Shawn Dunning, one of our facilitators was formerly on the roster of certified mediators for the supreme court of Virginia and volunteered at the general district court level as a mediator.  We asked Shawn what one thing an individual could do that would improve the quality of his or her work and increase his or her enjoyment of work.

His response...ask questions

One of my favorite cases involved a representative from an animal shelter and a woman who had recently adopted a cat. The animal shelter was demanding that the cat be returned because the new owner had apparently violated the terms of the adoption agreement by allowing the cat outside her house. The owner accused the animal shelter of hiring private detectives to "stake out" her house and document the comings and goings of the fearless feline.

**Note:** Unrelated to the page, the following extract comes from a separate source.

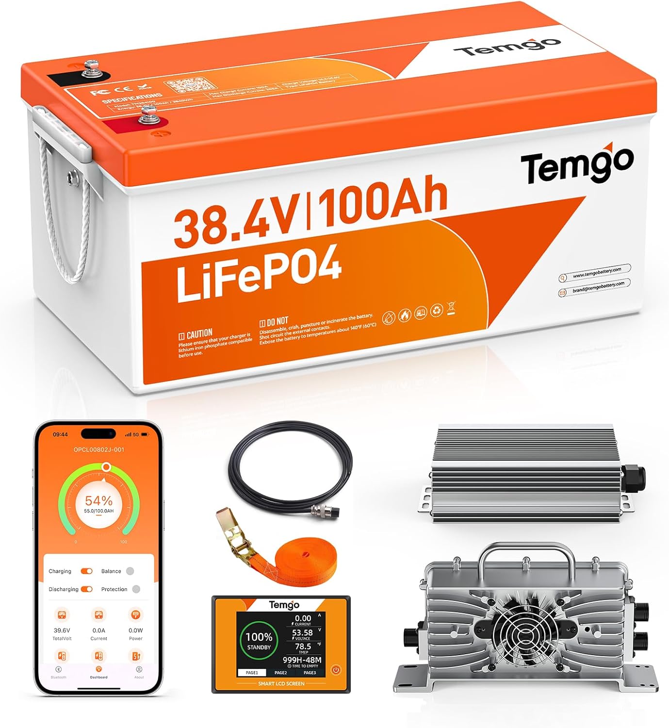 36V (38.4V) 100Ah LiFePO4 Lithium Golf Cart Battery, Built-in 200A BMS, Complete Upgrade Kit with Charger, LCD Display, Voltage Converter, Retention Strap & App, 5000+ Cycles
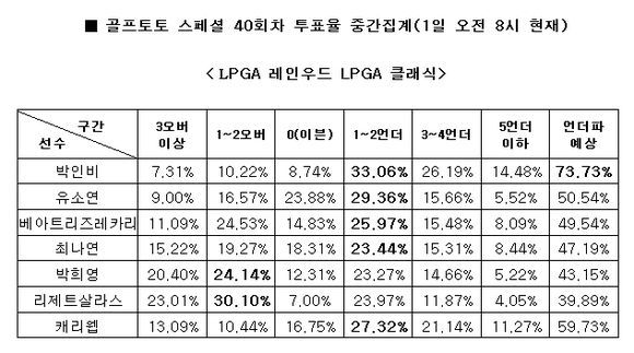 3번 선수로 지정된 베아트리즈 레카리(49.54%)를 비롯해, 4번 최나연(47.19%), 5번 박희영(43.15%)은 모두 언더파 확률이 절반을 넘지 못했고, 6번 선수로 선정된 리제트 살라스는 39.89%로 7명의 선수 중에 가장 저조한 성적을 기록할 것으로 내다봤다.

At first glance, it seemed that these positions were absolutely mutually exclusive; the owner emphatic about allowing the cat outdoors and the animal shelter equally emphatic about it living strictly indoors.  We thought that the judge would have to settle the case...until I asked a simple question of both the shelter and the owner.

"Why do you insist that the cat be kept inside?  Why do you insist that the cat be allowed outside?" From a judicial perspective, such a question might seem irrelevant, but as a mediator, I was allowed to ask such questions, and here's what they said.

Shelter rep: "Because we didn't save this animal only for it to be run over by a car in the street.  We want to make sure it lives a full, happy and healthy life."

Owner: "Because I didn't adopt this cat only for it to be cooped up inside a building all the time.  I want to make sure that it enjoys life, and I can tell that it is very happy when it goes outside."

Then, a fascinating shift occurred:  These two people who had come to court with righteous causes and unwavering attitudes about their positions all of a sudden softened up for a moment.  The accusations of spying came to a halt.  The accusations of kitty abuse disappeared.  Both people realized that they had a shared interest: the well-being of the little kitty. The next step was to begin problem-solving together.

The solution: a cat fence!  This was a solution that both parties could live with and both left mediation that day very happy.  Had they gone to the judge, one would have left happy and the other full of vengeance.  All it took to solve this problem was a simple question: Why?

By asking questions, we allow ourselves the opportunity to gain information without assuming it.  Assumptions are often wrong and--when acted on--can often lead to horrible misunderstandings or misfortunes.

By asking questions, you communicate to someone that you actually care to know what they think. This can relax a tense situation and ultimately lead to much more productive dialogue.

When in doubt, you can virtually never go wrong by asking questions.

People often resist asking questions because they don't want to be seen as not already having the answers.  Depending on the context, this can be a very real concern, but one has to weigh the cost with that of not knowing the answers.

Simple phrases for enlivening problem-solving conversations:

"Why do you feel that way?"

"What do you think is the best way to go about this?"

"What has worked before?"

"Why might this not work?"

"Who else might we want to bring into this?"

"Could you say a little more about that?"

"What are you most/least excited about?"